Dans cette affaire, A. et B. ainsi que leurs deux enfants, de nationalités canadienne et ukrainienne et résidant en Ukraine, font une demande de protection provisoire en Suisse à la suite du déclenchement de la guerre. En l’espèce, le SEM puis le TAF leur refusent dite protection. En effet, le TAF rappelle que la LAsi repose sur le principe de la subsidiarité de la protection, duquel découle le fait que les demandeurs d’asile qui ont plusieurs nationalités ne dépendent pas de la protection d’un pays tiers dans la mesure où ils peuvent trouver une protection contre les persécutions dans l’un des Etats dont ils sont les ressortissants ; le Canada en l’occurrence (consid. 6.3).
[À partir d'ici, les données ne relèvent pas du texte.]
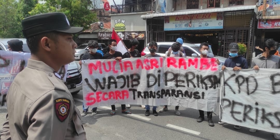Dengan membentangkan beberapa spanduk yang diantaranya bertuliskan “Mulia Asri Rambe wajib diperiksa secara transfaran”, pengunjuk rasa dalam pernyataan sikapnya juga menyampaikan kekecewaannya lantaran masih adanya oknum oknum pejabat negara yang menghalalkan segala cara untuk mencapai keinginan pribadinya.
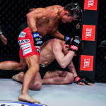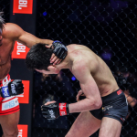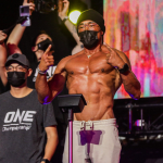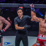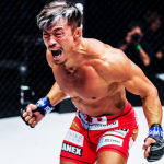 勝利後、秋山が背中の鬼をアピール!©️ONE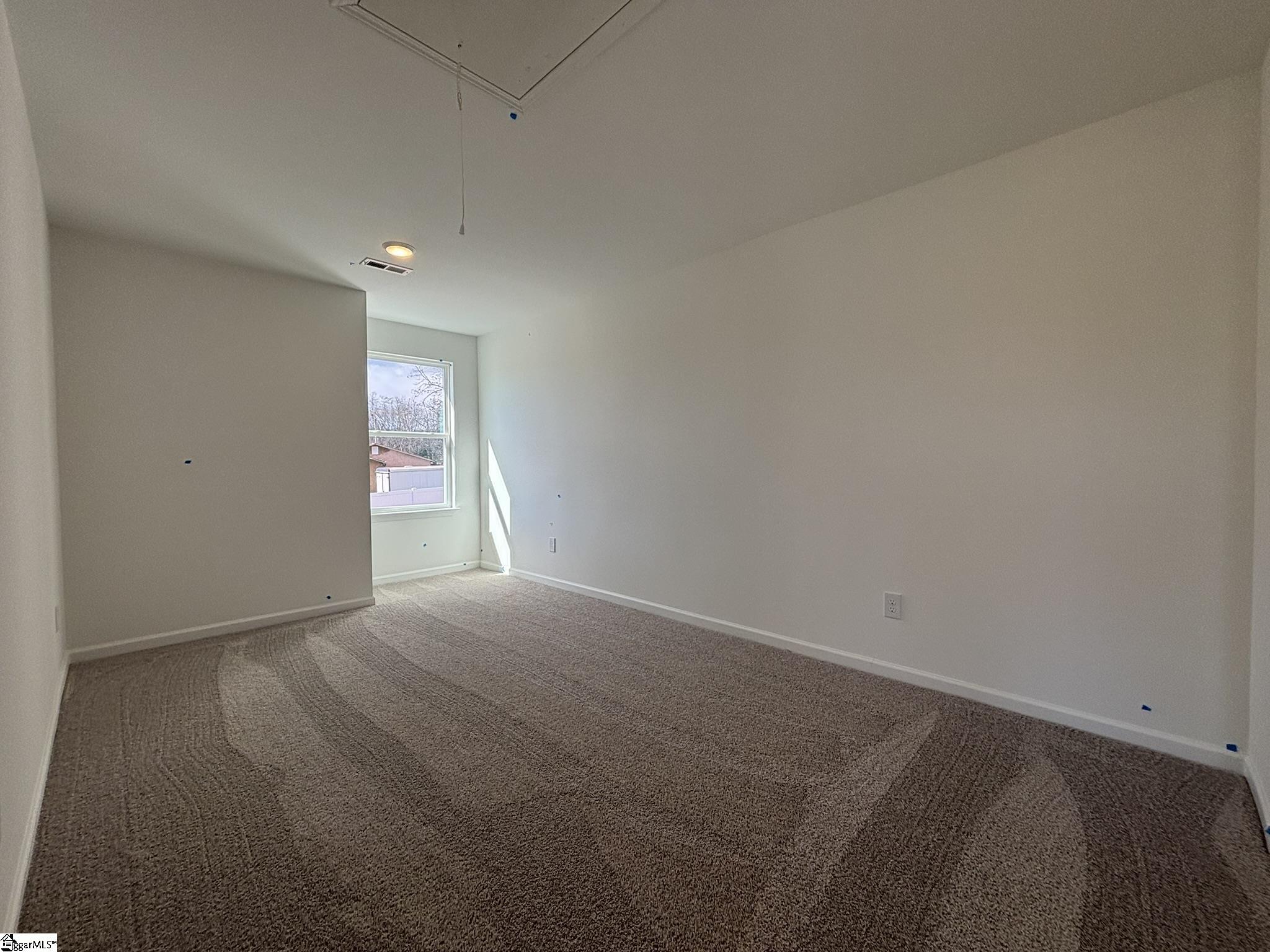 New construction featuring 3 bedrooms, 2.5 baths, and a 1-car garage. The main level includes a defined foyer, kitchen, dining area, and a two-story great room with abundant natural light. The primary suite is located on the main floor and includes a tiled walk-in shower, dual sinks, and a walk-in closet. The kitchen offers LED lighting, upgraded cabinetry, granite countertops, and stainless steel appliances. Upstairs includes 2 additional bedrooms, a full bath, open loft, and a 9x18 flex room. EVP flooring is installed in main living areas, with carpet in the bedrooms. Additional features include a rear covered porch, structured wiring, built-in pest control system, and a finished garage with electrical outlets and lighting.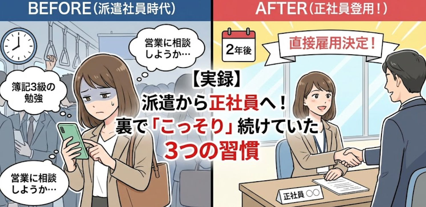 派遣から正社員になる人は、ただ運が良かったわけではありません。 「毎日の小さな勉強」「営業担当との綿密な作戦会議」、そして「ダメだった時の撤退ラインの設定」。これらを淡々と実行した結果です。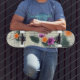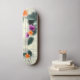 This skateboard deck showcases an elegant fusion of floral and abstract elements. Featuring vibrant flowers in orange, purple, and pink, set against a geometric grid and botanical leaf patterns, the design is both contemporary and captivating. The soft cream background complements the vivid hues, creating a balance of energy and sophistication. Perfect for skaters who appreciate stylish and artistic details, this deck brings a modern twist to nature-inspired aesthetics.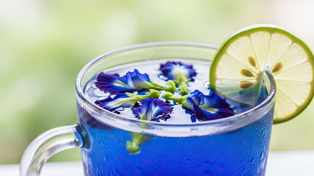 butterfly pea tea petal violet herbal antioxidant blue purple drink relax beverage photo business

Pour ces motifs, leur recours est rejeté.

ATAF 2023 VI/1 (d)

2022-2023

Dans cette affaire, le TAF examine quel est le délai de recours devant son Autorité lorsque le SEM refuse l’octroi de la protection provisoire à une personne intéressée. Il parvient à la conclusion que le délai pour déposer un tel recours est de trente jours, et non de cinq dans la mesure où une application par analogie des art. 108 al. 3 en lien avec les art. 40 et 6a LAsi ne se justifie pas, les procédures concernées étant tout à fait différentes (consid. 3.9).

ATF 148 IV 281 (d)

2022-2023

Un requérant d’asile s’étant vu opposer une décision de non-entrée en matière est condamné par les autorités zurichoises à une amende de 150 CHF pour violation de son obligation de collaborer à l’obtention de documents d’identité (art. 120 al. 1 let. e en lien avec les art. 120 al. 2 let. b et 90 let. c LEI). Le TF relève que l’obligation d’un requérant d’asile débouté de collaborer à l’obtention des documents de voyage nécessaires à son renvoi est prévue à l’art. 8 al. 4 LAsi. Cette dernière disposition ne prévoit pas de sanction en cas de violation et prime, en vertu de l’art. 2 al. 1 LEI, sur l’obligation de collaborer prévue à l’art. 90 let. c LEI. Partant, c’est à tort que les autorités cantonales ont condamné le recourant sur la base de ce dernier article.

ATF 149 II 1 (d)

2022-2023

Les prestations complémentaires ne relèvent pas de la notion d’aide sociale. Dès lors, leur perception ne saurait fonder la révocation d’un titre de séjour en application des art. 62 al. 1 let. e et 63 al. 1 let. c LEI. Le TF précise qu’il est néanmoins possible de révoquer l’autorisation d’un ressortissant étranger qui dépend de l’aide sociale même lorsque celui-ci invoque qu’une fois à la retraite, ces prestations d’aide sociale seront remplacées par des prestations complémentaires. Tel n’est pas le cas en l’espèce, puisque le recourant ne touche plus que des prestations complémentaires au moment où la décision litigieuse est rendue.